In this investigation, we will evaluate the reliability of the Irgafos P-168 measurement method using HPLC. For this purpose, the repeatability, reproducibility, linearity, and recovery percentage are evaluated. The Irgafos molecule is quantified in industrial wastewater samples from polypropylene production plants. In this research, a methodology for extracting Irgafos from wastewater is proposed to minimize its environmental impact. The extracted Irgafos is purified and characterized using mass spectrometry, FTIR spectroscopy, TGA, and DSC. To guarantee the performance of this recovered Irgafos, it is added to a virgin PP matrix, and the resulting mixture is evaluated using FTIR spectroscopy, TGA, OIT and MFI.

2. Materials and Methods

2.1. Recovery of the Additive

2.1.1. Samples Collection

Samples were acquired at a polypropylene production facility that divides the production of the material into four steps (Figure 2): arrival, polymerization, additivation, and granulation, which are described in eight steps. In step 1, the material is received; in step 2, the raw material enters the reactor. It is mixed with a catalyst (Ziegler–Natta) that reduces the activation energy for the polymerization reaction. In step 3, darkening the extrusion, in order to lower the temperature and produce a more uniform grain, water is employed in the polymer extrusion process. After the polymer is produced, it is transferred to a purging column (step 4) for purification. The additives that improve and complement the properties of the PP are then added (step 5). In step 6, the extrusion and pelletization of the PP mixture containing the additives occur. The samples of interest in this inquiry primarily originated from the condensates of the extrusion and deodorization procedures (step 6). Every 12 min for 4 h, 200 mL of samples were taken, and the samples were kept at 4 °C in an amber glass bottle.

2.1.2. Extraction System for Sample and Standard

The collected sample was subjected to filtration through a PTFE filter before being extracted. Solid phase extraction (SPE) was performed with Strata-X tubes (33 μm). A total of 15 mL of the sample was used, and the operating flow rate was 1.1 mL min⁻¹. The SPE conditioning was carried out with methanol and distilled water with an 80:20 ratio of MeOH: H₂O. To carry out the elution of OA in SPE, 10 mL of acetonitrile (ACN) was used as a solvent. The eluted extract from the SPE was dissolved in ACN to 1 mL and separated by HPLC. When 500 mL of the extract was obtained, the pre-concentration process was repeated. The recovered solid was then dried (by recovering it with a stream of N₂) and subjected to FTIR spectroscopy, DSC, TGA, and HPLC-MS analysis. The obtained export product (Irgafos P-168) was stored in a controlled environment for later use in virgin PP resin. Figure 3 represents the general outline of the SPE process. In the SPE process, the residual water sample, which contained several residues of additives, such as Irgafos P-168 and even trace metals, was poured into the extraction cartridge. The extraction cartridge included a porous solid phase which, given its chemical structure, has a specific molecular region for non-polar substances. Although Irgafos has polarized regions in its chemical structure, the three Di-tert-butyl groups it has generate a steric hindrance, so the polar region does not have an affinity. This causes steric hindrance, so it has an affinity with the stationary phase of the extraction capsule.

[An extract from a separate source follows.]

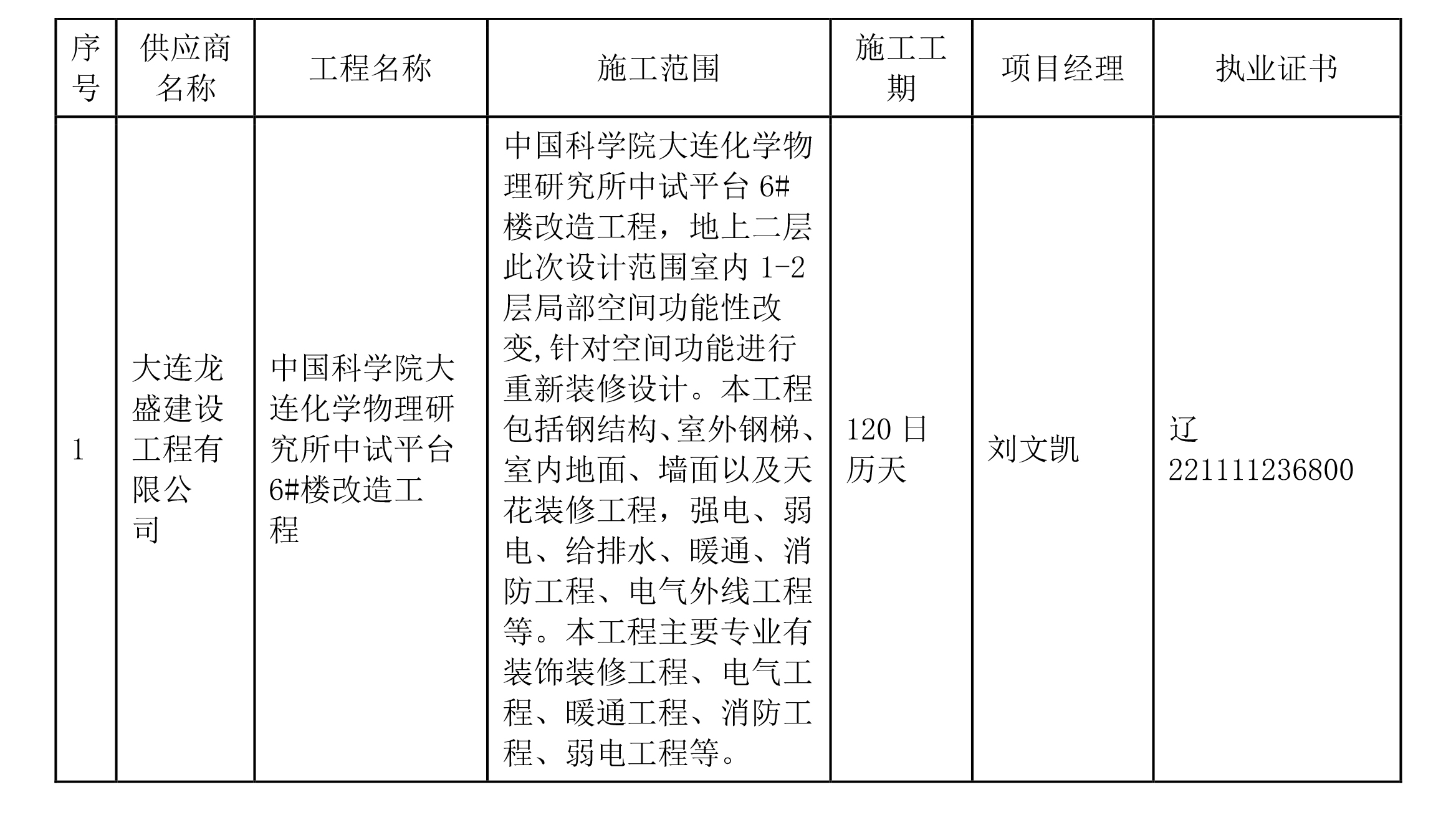 供應(yīng)商名稱:大連龍盛建設(shè)工程有限公司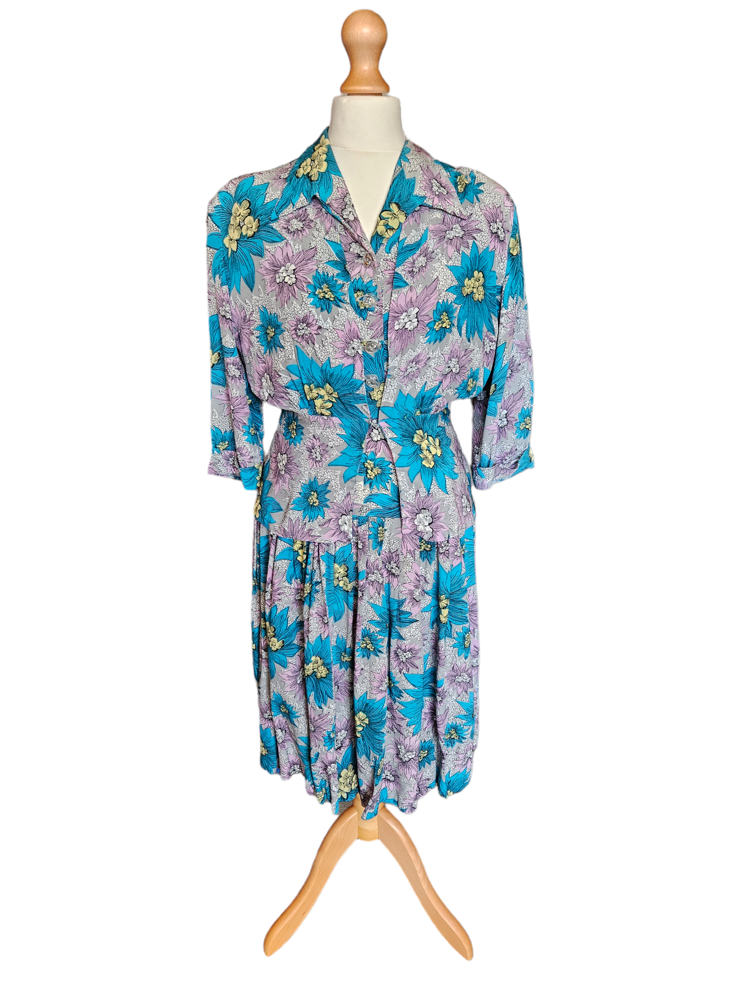 1940s CC41 Teal, Lilac and Yellow Crepe Dress and Jacket Set

2.1.3. Separation, Identification, and Characterization System by HPLC/DAD/MS/MS/MS

This analysis was conducted using a Micromass Quattro II triple quadrupole mass spectrometer and an Agilent 1200 HPCL. The system includes a Lichrosorb RP-18 column (4.6 m × 200 mm × 5 µ), syringes of 5 and 10 mL, a precision balance, a degasser (G1322A), a pump (G1311A), an automatic sampler (G1313A), a column carrier (G1316A), and these components. The chromatographic modifications were made using the Irgafos P-168 solution, which was produced in ACN, as a starting point. The solvents ACN and H₂O were combined in the following ratios to form the mobile phase: 83 and 17% (1 min, 15 mL/min); 93 and 7% (2 min, 2 mL/min); 95 and 5% (3.5 min, 3.5 mL/min); and 100 and 0% (8 min, 3.5 mL/min). The temperature in the column was 50 °C. Irgafos 168 was identified using MS and MS/MS fragments.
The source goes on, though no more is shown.